Every country has sub specialties that are avidly collected by internal collectors, but which foreign specialist collectors of those countries never really warm too. As an auctioneer you can see this in bidding patterns and where certain stamps eventually sell to. Ordinary Great Britain stamps in our auctions sell to Americans, Canadians, Britons and Europeans. Plate numbers and cancellations of GB are similarly collected worldwide. But specialized phosphors or graphite lines on QE II and Machins always seem to go back to Great Britain. France has a world following, but the precancels, which are so popular in France itself, are relatively uncollected elsewhere. And the Germans?
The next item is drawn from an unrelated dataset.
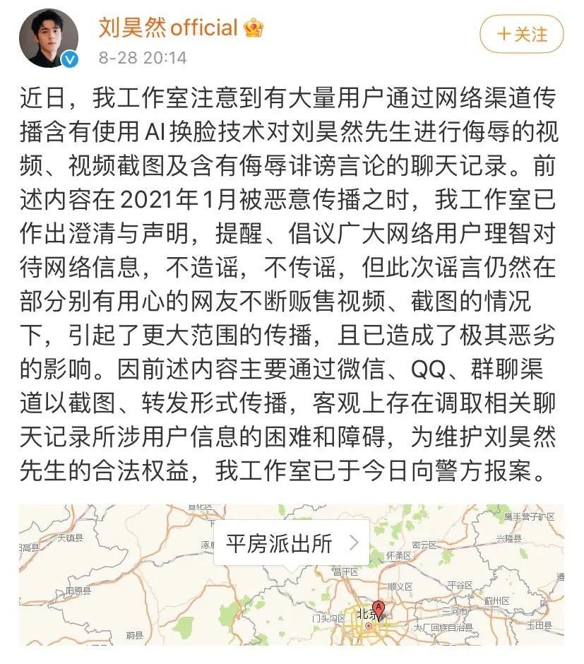 别说是公众人物,就算是普通人,受此诬陷羞辱,也是忿不可遏,更何况刘昊然作为艺人,名声更是大大受损,在事后,刘昊然也在社交平台发声表示已经报警,将用法律手段维护自己的合法权益。

Well no one else enjoys counting perforation holes or measuring paper thickness or booklet combinations the way they do.
 
US philately's big national skew is plate blocks. US stamps are either the second or third most popularly collected specialty in every country besides our own (US stamps are #1 here). In all other countries the list goes like this -the home country first (for instance, in France, the most popular specialty is France-in Germany it is Germany) followed by either British Colonies or US in differing order depending on the country (for instance in Japan, United States stamps are the second most popular specialty behind Japan, and in France, US is number three behind France and British Commonwealth). But nowhere except here do people collect plate blocks. It just doesn't make sense to them and not coming out of a collecting tradition that esteems marginal markings there is little appreciation of them. Currently, there is an American stamp dealer of Chinese descent who is a large buyer of United States stamps at auction. Other stamp dealers, being a gossipy bunch, had wondered where he was selling all of the US stamps that the was buying. When they realized that he never bought plate blocks it became clear that he was sending hundreds of thousands of dollars of better US stamps per month back to China for their market. Nice exchange for our iPads.